▸ **TASK DATA**
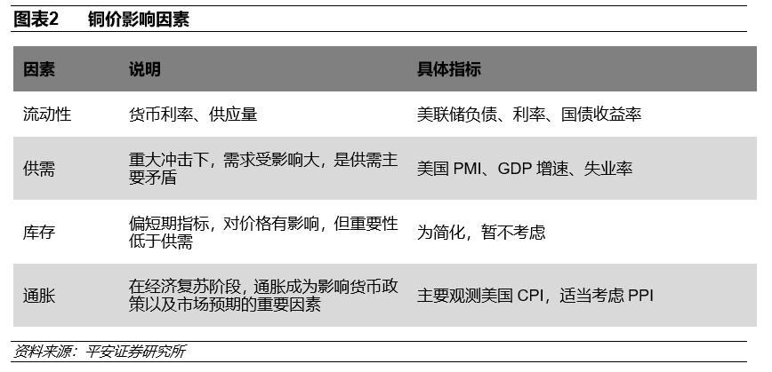 由于铜属于全球定价市场,受美国经济以及美联储的影响较大,我们将通过铜价变化和经济以及货币政策变化关系,同时参考铜自身供需,了解铜价变化规律。主要观察指标如下表。
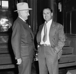 Amon Carter (left) and his son, Amon Carter Jr. Both men are wearing suits. Carter Jr. has his hands in his pant pockets and is facing the camera. Carter Sr. is facing his son.. They are standing in front of a train.
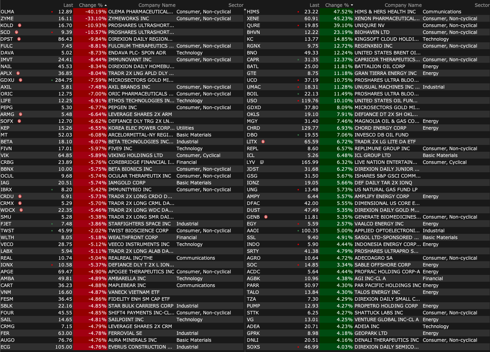-MGY +2.3% (oil and gas strength)
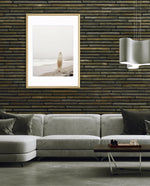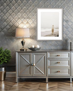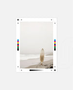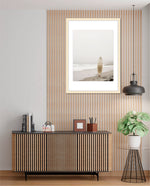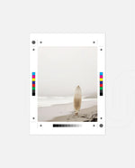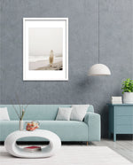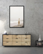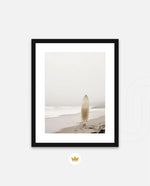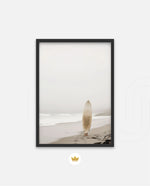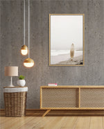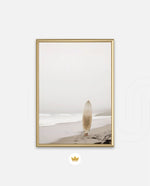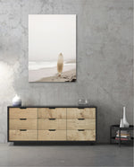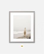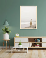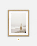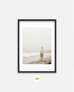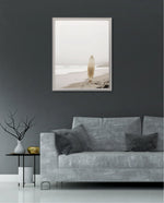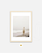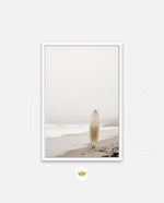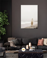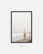 A minimal and calming beach photograph featuring a lone surfboard standing against a misty shoreline. This picture frame brings a peaceful coastal mood, soft tones, and a modern serene aesthetic to any space Ñ ready to hang.
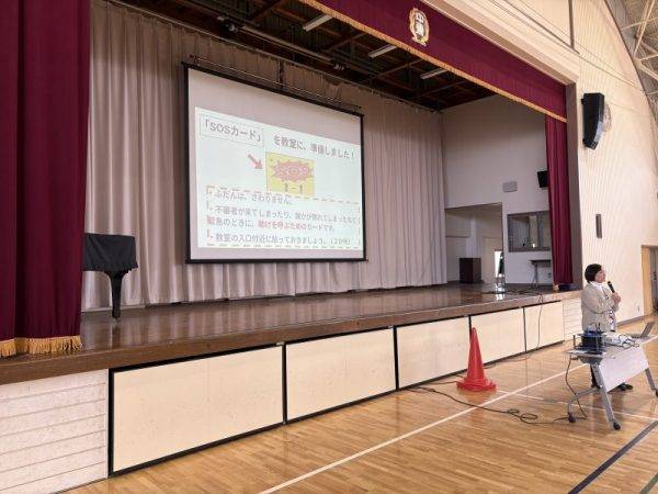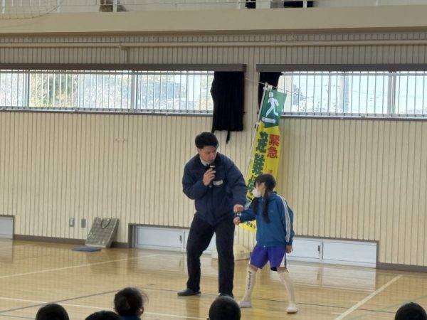 1月29日(木)今日は、鹿嶋警察署のおまわりさんに来ていただき、「不審者対応の避難訓練」を行いました。職員が不審者と対峙する際の留意点や子どもたちが登下校時に不審者に遭遇してしまった時の対処法等々について、体験を交えてお話してくださいました。鹿嶋警察署のみなさん!ありがとうございました。
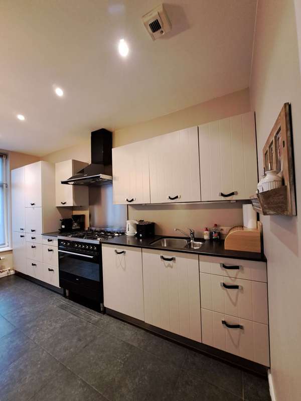 En er is ook nog een ruime tweede slaapkamer en badkamer met douche op de derde verdieping.
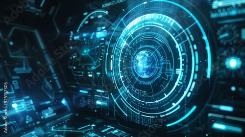 Digital screen with blue holographic HUD and animated interface turning in virtual space with motion graphics background

▸ **TASK BRIEF**
Everything in the listing except the pictures must come back exactly as written.

▸ **SOLUTION**
 由于铜属于全球定价市场,受美国经济以及美联储的影响较大,我们将通过铜价变化和经济以及货币政策变化关系,同时参考铜自身供需,了解铜价变化规律。主要观察指标如下表。
 Amon Carter (left) and his son, Amon Carter Jr. Both men are wearing suits. Carter Jr. has his hands in his pant pockets and is facing the camera. Carter Sr. is facing his son.. They are standing in front of a train.
-MGY +2.3% (oil and gas strength)
 A minimal and calming beach photograph featuring a lone surfboard standing against a misty shoreline. This picture frame brings a peaceful coastal mood, soft tones, and a modern serene aesthetic to any space Ñ ready to hang.
 1月29日(木)今日は、鹿嶋警察署のおまわりさんに来ていただき、「不審者対応の避難訓練」を行いました。職員が不審者と対峙する際の留意点や子どもたちが登下校時に不審者に遭遇してしまった時の対処法等々について、体験を交えてお話してくださいました。鹿嶋警察署のみなさん!ありがとうございました。
 En er is ook nog een ruime tweede slaapkamer en badkamer met douche op de derde verdieping.
 Digital screen with blue holographic HUD and animated interface turning in virtual space with motion graphics background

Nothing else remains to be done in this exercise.